The continental shelf is a technical term defined in the Convention on law of Sea, 1982 and denotes an area where a littoral state can exploit its under-water sea resources. It extends from the baseline of the coast but contains an area of steep and deep waters. Under Article 152 of the Constitution, the federation may acquire any land in the province if it deems necessary for a purpose connected with a matter with respect to which Parliament has power to make laws. It may require the province to acquire the land on behalf, and at the expense, of the federation, and, if the land belongs to the province, transfer it to the federation on such terms as may be agreed or, in default of agreement, as may be determined by an arbitrator appointed by the Chief Justice of Pakistan.
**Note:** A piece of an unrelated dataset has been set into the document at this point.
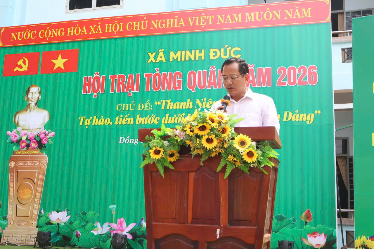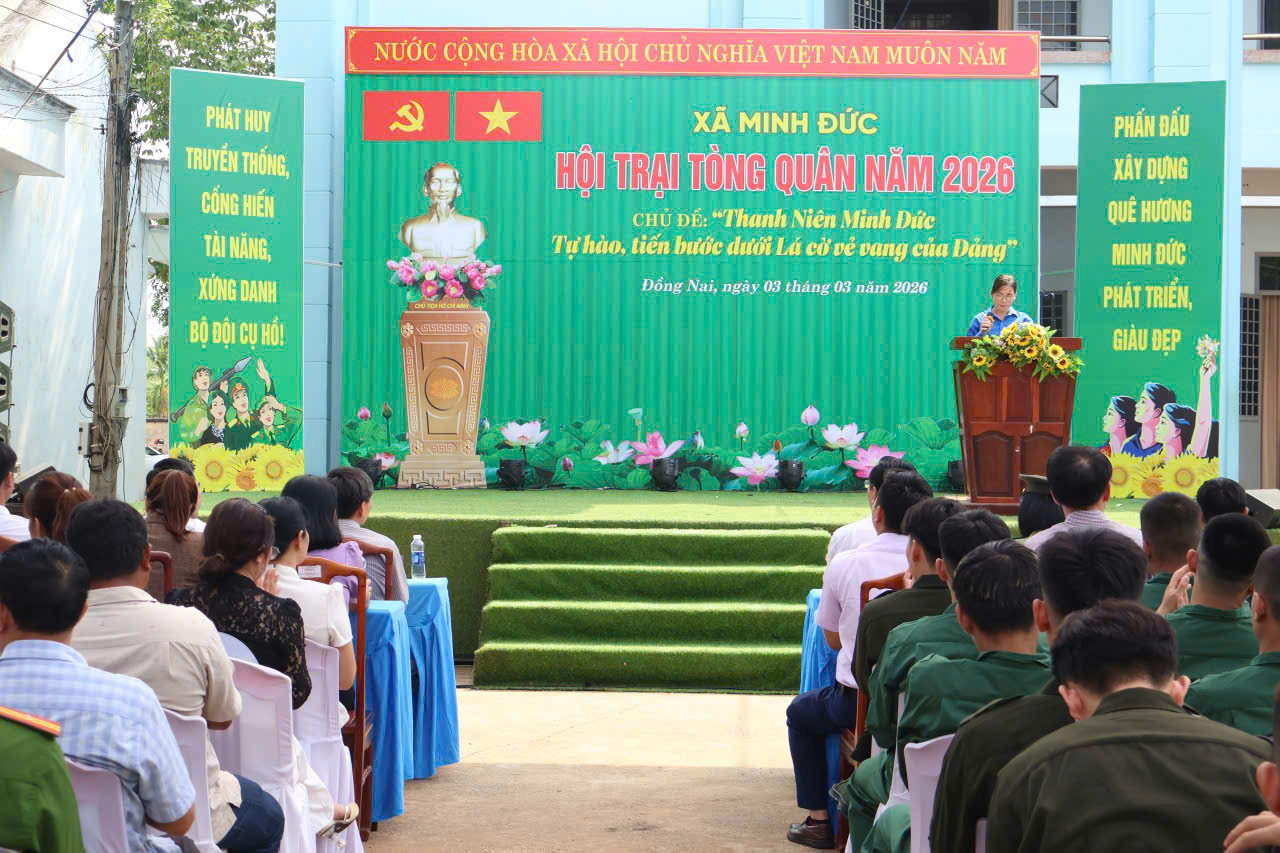 Chiều ngày 03/3/2026, UBND xã Minh Đức long trọng tổ chức khai mạc Hội trại tòng quân lần thứ I, năm 2026 với chủ đề: “Thanh niên Minh Đức tự hào, tiến bước dưới Lá cờ vẻ vang của Đảng”. Đây là hoạt động chính trị - xã hội có ý nghĩa sâu sắc, thể hiện sự quan tâm, chăm lo của cấp ủy, chính quyền và nhân dân địa phương đối với thanh niên trước khi lên đường thực hiện nghĩa vụ thiêng liêng với Tổ quốc.

This shows that any land in the province whether public or private can only be acquired and transferred by the province on behalf of federal government and, secondly, the federal government can only acquire such land for the purposes with respect to subjects on which parliament has power to legislate.

We have seen this in the case of controversial acquisition of land by Punjab government in July this year for a foreign owned company which wants to establish a Mercedez-Benz car plant, a golf club, a luxury hotel etc., near Lahore. Ironically, in the case of mega projects in Punjab, the land is acquired by the provincial government even for foreign companies whereas in case of Sindh, the federal government itself doles out the land bypassing constitutional requirements and by coercing a politically weak government.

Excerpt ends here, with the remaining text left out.